■ **Your instructions**: What follows is a listing; repeat exactly, and only, its lines from the one holding "Lume Garderobenständer aus" through the last, leaving any pictures out.

■ **Material provided**:
Start of Block
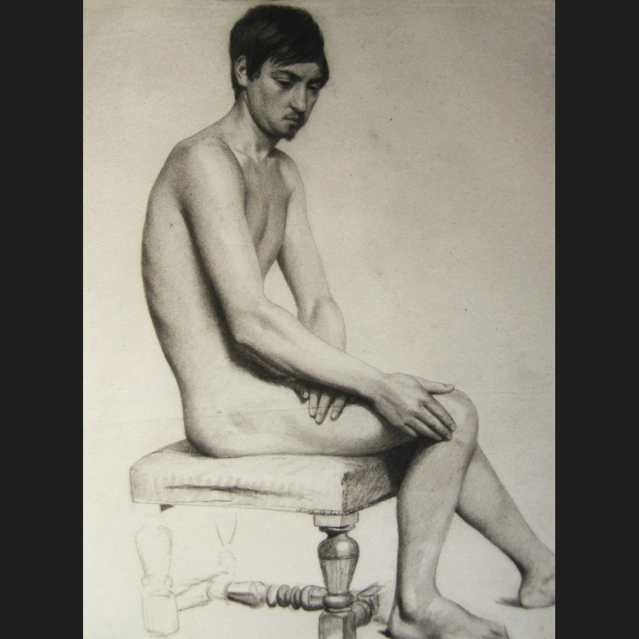 École FRANÇAISE du XIXème siècle, Académie d'homme nu assis sur un tabouret, dessin
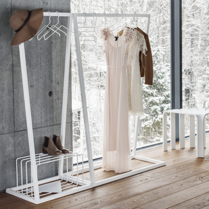 Lume Garderobenständer aus weißem Stahl: eine minimalistische und zeitlose Garderobe
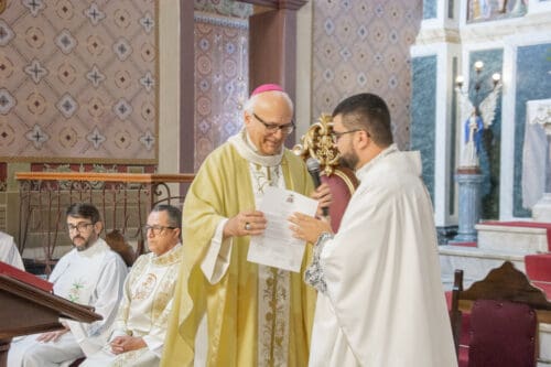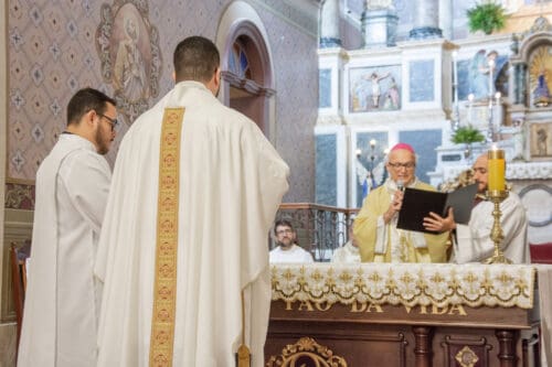 Foram entregues também outros símbolos próprios do ministério, como o Livro dos Evangelhos, a estola e a pia batismal, que representam o anúncio da Palavra, o serviço sacramental e o compromisso com a vida nova dos filhos de Deus.
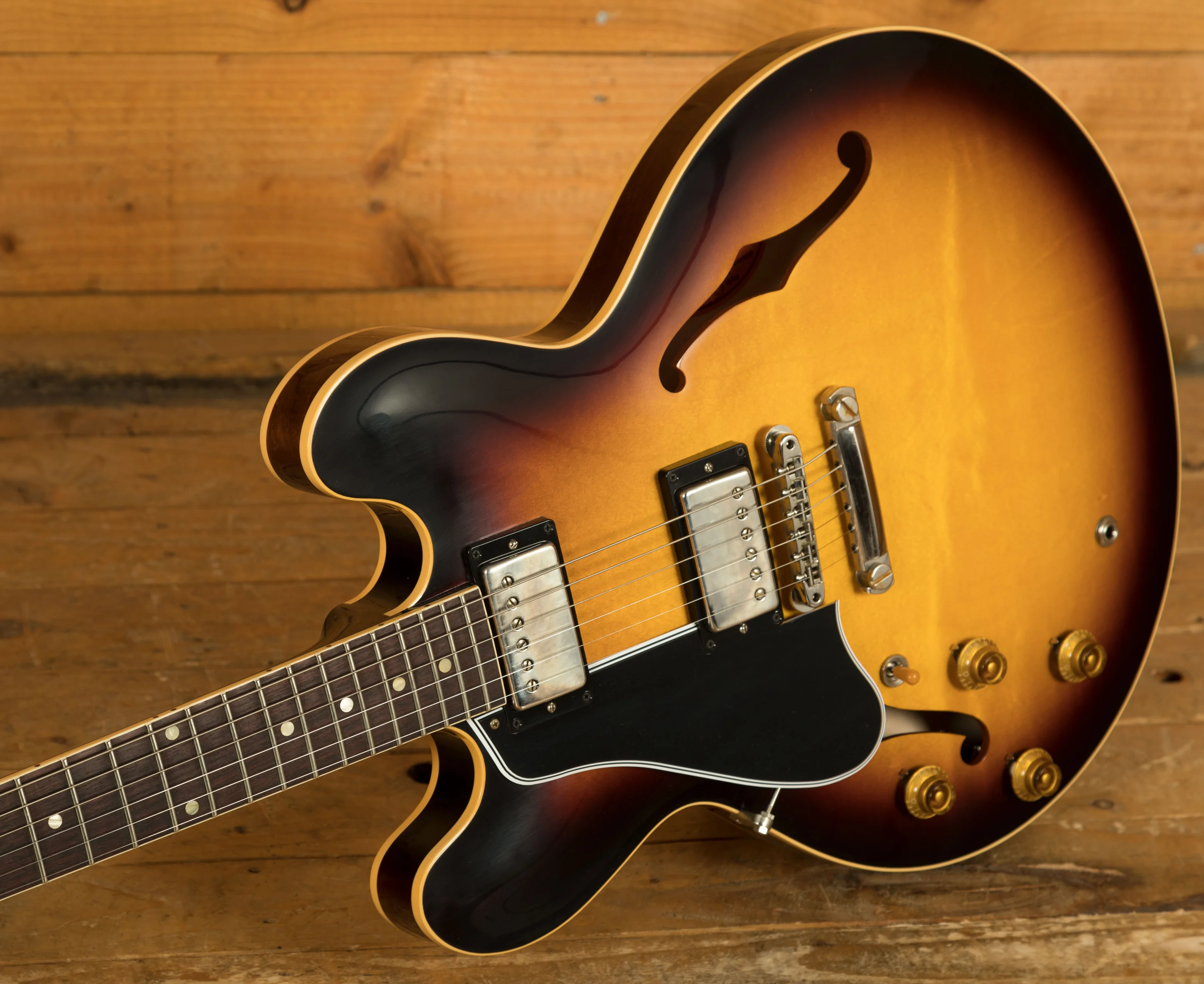 Featuring a 3-ply Maple/Poplar/Maple body, it's finished in a slick, Vintage Burst Nitro Lacquer, the attention to detail and craftsmanship shown on this guitar is astonishing. This ES-335 is super resonant and beautifully balanced; it just oozes that classic Gibson appeal.
End of Block
■ **Response**:
 Lume Garderobenständer aus weißem Stahl: eine minimalistische und zeitlose Garderobe
 Foram entregues também outros símbolos próprios do ministério, como o Livro dos Evangelhos, a estola e a pia batismal, que representam o anúncio da Palavra, o serviço sacramental e o compromisso com a vida nova dos filhos de Deus.
 Featuring a 3-ply Maple/Poplar/Maple body, it's finished in a slick, Vintage Burst Nitro Lacquer, the attention to detail and craftsmanship shown on this guitar is astonishing. This ES-335 is super resonant and beautifully balanced; it just oozes that classic Gibson appeal.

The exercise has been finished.